Le vent devait monter dans la nuit, nous étions prévenus. La météo annonçait trente nœuds de vent pour le lendemain, vers neuf heures. Vers trois heures du matin, on a commencé à l’entendre arriver doucement : les haubans se sont mis à chanter. Cette petite musique, dans les drisses, qui me donne toujours le sourire même quand elle me réveille.

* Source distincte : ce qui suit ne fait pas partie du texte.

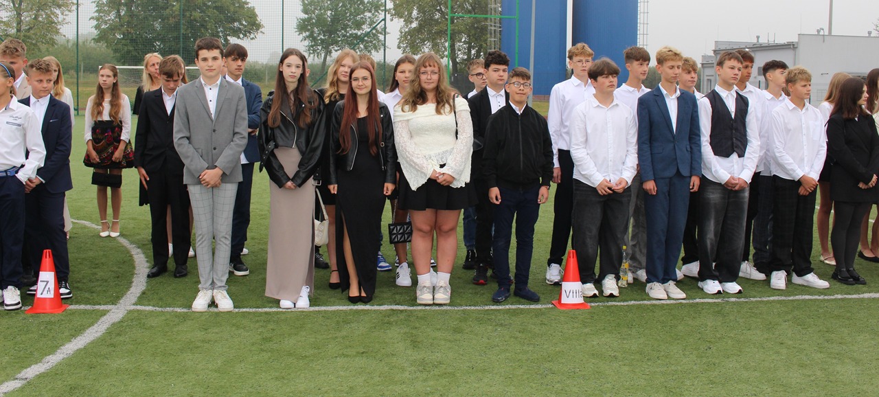 Po mszy, o godzinie 8:45, uczniowie, rodzice, nauczyciele oraz zaproszeni goście zgromadzili się na stadionie szkolnym, gdzie odbyła się część oficjalna uroczystości. Pan Dyrektor serdecznie powitał wszystkich obecnych, życząc uczniom wielu sukcesów, wytrwałości oraz radości z nauki. Głos zabrał również Sekretarz Gminy Goszczyn, który w imieniu władz samorządowych przekazał życzenia pomyślnego roku szkolnego, pełnego inspirujących doświadczeń i dobrej współpracy.
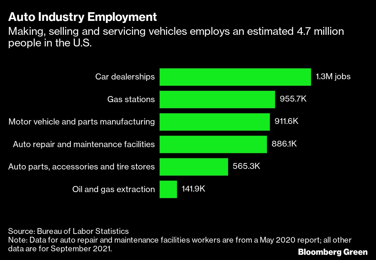 <p><em><strong>By Ari Natter and Keith Laing</strong></em></p>.<p>An acrid smell hangs in the air at Trenton Forging Co. on the outskirts of Detroit as a 4,500-pound hammer slams a bar of red hot steel with enough force to shake the building.<br />A worker uses tongs to position the piece, heated to 2,200 degrees, under the hammer, then onto a conveyor belt. The process is repeated 7,000 times a day at the 90-employee plant, resulting in fuel rails that feed gasoline to injectors.</p>.<p>But the days of forging fuel rails is numbered. They’re among hundreds of parts in internal combustion engines that won’t be needed when the country transitions to electric vehicles, a fact that isn’t lost on Dane Moxlow, the vice president of Trenton Forging, whose grandfather started the business in 1967.</p>.<p>“This might go away completely,” Moxlow, 33, said as a pair of workers behind him inspected a freshly made rail. “Is it something we worry about? Yeah. But it’s also something we plan for.”</p>.<p><strong>Also Read | <a href="https://www.deccanherald.com/business/dh-wheels/as-tesla-foxconn-eye-indias-ev-space-here-are-the-major-players-1042943.html" target="_blank">As Tesla, Foxconn eye India's EV space, here are the major players</a></strong></p>.<p>Across the country, thousands of companies such as Trenton Forging are warily eyeing a future of electric vehicles that contain a fraction of the parts of their gasoline-powered counterparts and require less servicing and no fossil fuels or corn-based ethanol. It’s a transition that will be felt well beyond Detroit, as millions of workers at repair shops, gas stations, oil fields and farms find their jobs affected by an economic dislocation of historic proportions.</p>.<p>“Anybody who thinks this transition is going to go smoothly is fooling themselves,” said Michael Robinet, executive director of automotive advisory services for consulting firm IHS Markit.</p>.<p>Making, selling and servicing vehicles employ an estimated 4.7 million people in the US, according to the Bureau of Labor Statistics. Some of the jobs won’t go away, of course — there will still be a need for dealerships and tire shops.</p>.<p>Making the massive batteries that line the bottom of electric cars promises to employ thousands. But where a conventional car’s engine and transmission have hundreds of parts, some electric-vehicle powertrains have as few as 17, according to the Congressional Research Service. That doesn’t take into account the radiators, fuel tanks or exhaust systems that electric vehicles don’t need. Once operating, an electric car has no spark plugs or oil that need changing or mufflers that wear out. And with so few moving parts, service stations could be relegated to changing tires and windshield wipers.</p>.<p>Conventional cars will probably remain on the road for years, softening the blow for repair shops and other affiliated industries. But with an average lifespan of 12 years, the trend lines for gasoline-powered vehicles will be heading down.</p>.<p>The shift will reduce demand for oil nearly by 4.7 million barrels a day by 2040 in the US alone, according to projections by BloombergNEF. That’s about 26 per cent of US consumption, roughly equivalent to the amount that Germany and Brazil combined consumed daily in 2020. Less gasoline being sold also means the need for ethanol, which is blended into motor fuels and consumes a third of the US corn crop, will also fall.</p>.<p>If the story of US economic history is one of constant creative destruction — as gasoline engines displaced steam, plane travel trumped trains, plastic ate into steel demand, imported goods idled US factories — the coming shift is still remarkable in its scope.</p>.<p>“It’s a disruption that people cannot appreciate,” said Paul Eichenberg, managing director of Paul Eichenberg Strategic Consulting. “Truly the engine and transmission becomes the buggy whip of the 21st century. But if you look at the other industries, it will have a huge impact.”</p>.<p>That future is fast approaching. General Motors Co. has vowed to sell only zero-emissions models by 2035. Ford Motor Co. said it expects 40 per cent of its global vehicle sales volume to be electric by 2030 and Stellantis NV, the successor to Fiat Chrysler, has said it is targeting over 70 per cent of sales in Europe and over 40 per cent in the US to be “low emission vehicles,” meaning either electric or hybrid, by 2030.</p>.<p>The Biden administration is enthusiastically encouraging the transition, which it sees as a key to combating climate change. It is proposing an array of incentives and has ordered the federal government to electrify its fleet. Transportation is responsible for about a third of the greenhouse-gas emissions in the US, making it the largest single sector, according to the Environmental Protection Agency.</p>.<p>“The future of the American auto industry is electric,” President Joe Biden said in front of a bank of electric vehicles on the White House lawn in August. He then signed an executive order setting a goal of having half of all vehicles sold in the US be emission-free by the end of the decade. China, he said, is winning the race to make electric vehicles and the US must catch up.</p>.<p>In many ways, the US, where only 2 per cent of vehicles sold are electric, is a laggard. France plans to ban internal combustion engines in 2030, and China and Britain will do so by 2040. India says it is setting an “aspirational target” of all-electric sales by 2030.</p>.<p>The United Auto Workers union, seeing the handwriting on the wall, is gearing up for a fight over who gets to make the batteries that power the vehicles, said Bernie Ricke, the silver-haired president of Local 600, which represents workers at the Ford plant where the F-150 pickup truck is made.</p>.<p>“You can like it or not like it — it’s coming,” said Ricke, during an interview from his office

On devait se lever à six heures, ce matin-là. Ce n’était pas tellement l’annonce du vent, mais partir suffisamment tôt pour éviter l’orage. Voilà ce qu’il faut savoir en premier avec la mer : tout se décide en fonction du temps. Se lever aux aurores si les conditions météo l’exigent est une contrainte à laquelle on ne peut se soustraire. Et puis faire du bateau sous la pluie, c’est moins amusant. La mer peut grossir tout à coup. Le vent aussi. Trente nœuds, ça passe ; après, ça peut devenir moins drôle.

Six heures, du matin, un dimanche. Bien sûr, on avait prévus d’être grognons, de boire cul sec des cafés trop forts pour tenter d’être à peu près convenablement tirés du sommeil au moment de lever l’ancre et faire les manœuvres dans le silence contrarié des matins difficiles. C’était sans compter sur ce cadeau du ciel. L’aube des matins où le vent monte après une journée de beau temps. Ouvrir les yeux sur ce spectacle quand on a encore une partie de soi dans le sommeil, c’est presque trop pour un regard humain. Comme si l’on se trouvait par hasard aux premières loges d’un spectacle prévu seulement pour le regard des Dieux.